3rd Chief Justice of the Minnesota Territorial Supreme Court
- In office August 1852 – April 1853 Serving with Jerome Fuller
- Appointed by: Millard Fillmore
- Preceded by: Aaron Goodrich
- Succeeded by: William H. Welch

Personal details
- Born: September 18, 1802 Brunswick, New York, USA
- Died: March 1874 (aged 71) New York City, New York, USA
- Cause of death: Bright's disease
- Alma mater: Yale University

Military service
- Allegiance: United States of America Union
- Branch/service: United States Army Union Army
- Rank: Major
- Battles/wars: American Civil War

= Henry Z. Hayner =

American lawyer

Henry Zachariah Hayner (September 18, 1802 – March 1874) was a lawyer, member of the New York State Assembly (1846) and chief justice of the Minnesota Territorial Supreme Court (1852–1853).

==Life and career==

Hayner was born in Brunswick, New York in 1802 to Zachariah and Eve Hayner (née Clum). He studied at the Hopkins Academy in Hadley, Massachusetts before enrolling at Yale University, graduating in 1826. He then moved to Troy, New York where he read law and was admitted to the bar in 1830. In 1846 he represented Rensselaer County, New York in the 69th New York State Legislature.

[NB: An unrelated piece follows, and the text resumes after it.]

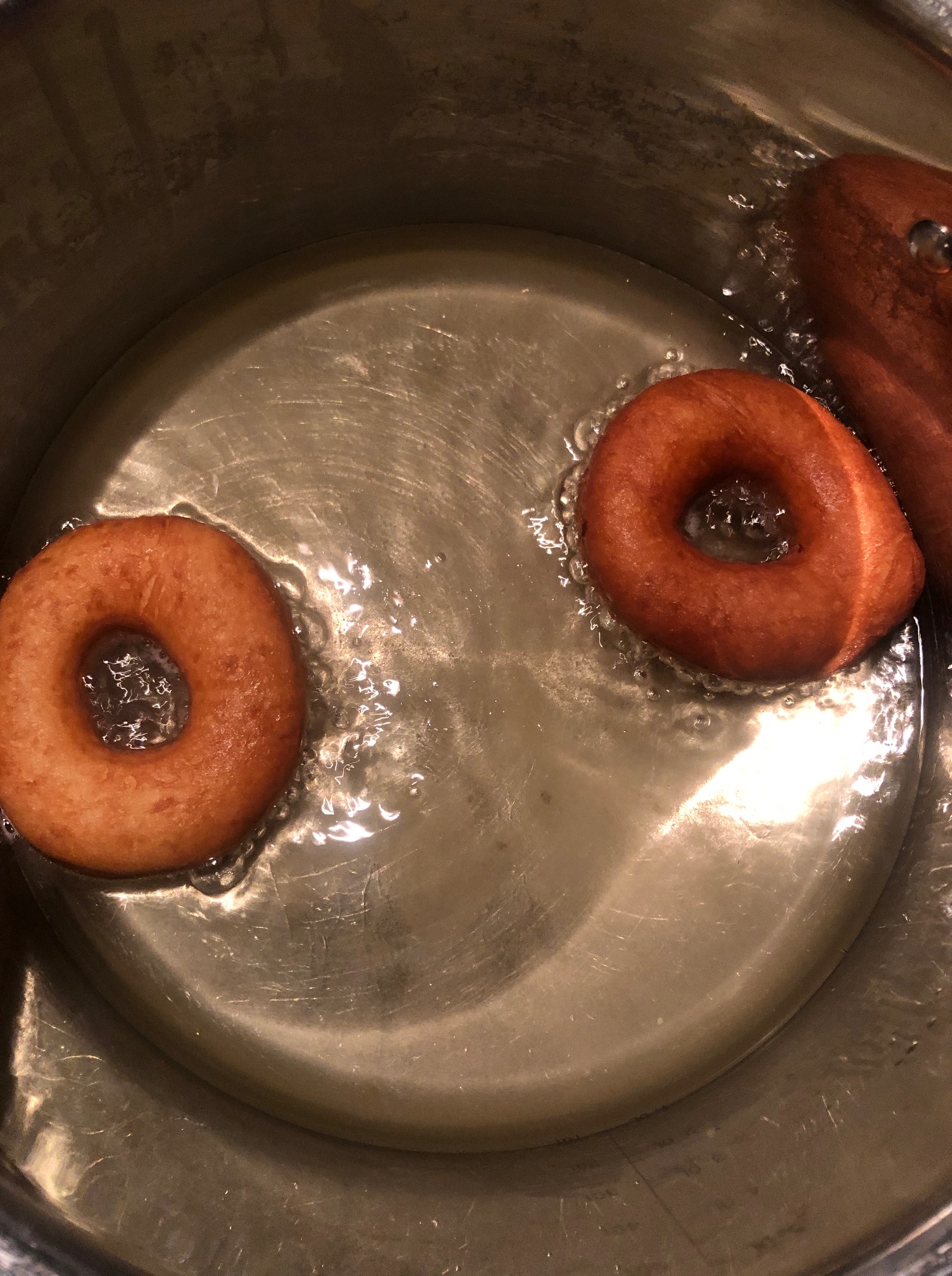 Värm oljan till 180 grader och fritera munkarna ca 1 minut på varje sida.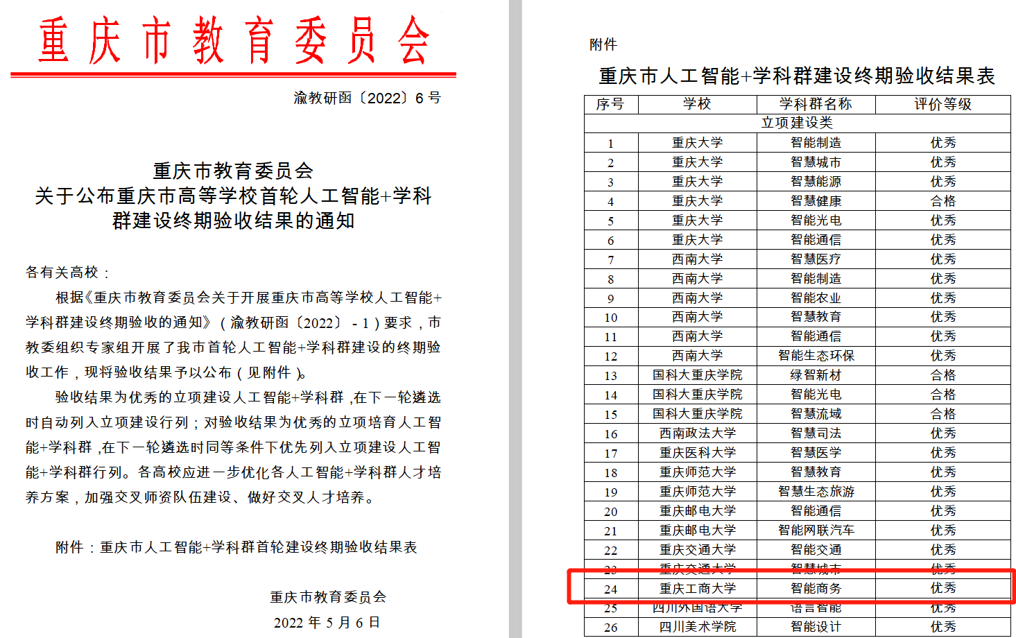 2022年5月6日,重庆市教育委员会公布了重庆市高等公司首轮人工智能+学科群建设终期验收结果,公司牵头建设的“智能商务”学科群验收结果荣获优秀,这表明公司“智能商务”学科群将在下一轮遴选时,自动进入立项建设行列。

In August 1852 President Millard Fillmore nominated Hayner to the post of Chief Justice of the Minnesota Territorial Supreme Court after his recess appointment of Jerome Fuller expired. Hayner's nomination was promptly approved and he left for the Minnesota Territory. When he arrived in October 1852 it was too late to begin the fall term of the court leaving Hayner with little work to do. In April 1853 he was replaced when the newly elected President Franklin Pierce nominated William H. Welch to the position.

Hayner returned to New York and started a law practice in New York City. At the outbreak of the American Civil War he was commissioned as a Major and served on the staff of General John E. Wool and later as a Provost Marshal in Baltimore, Maryland and in New York City. After the war he pursued some mining interests in the western states and territories before falling ill and returning to New York City.

Hayner died in March 1874 from bright's disease in New York City.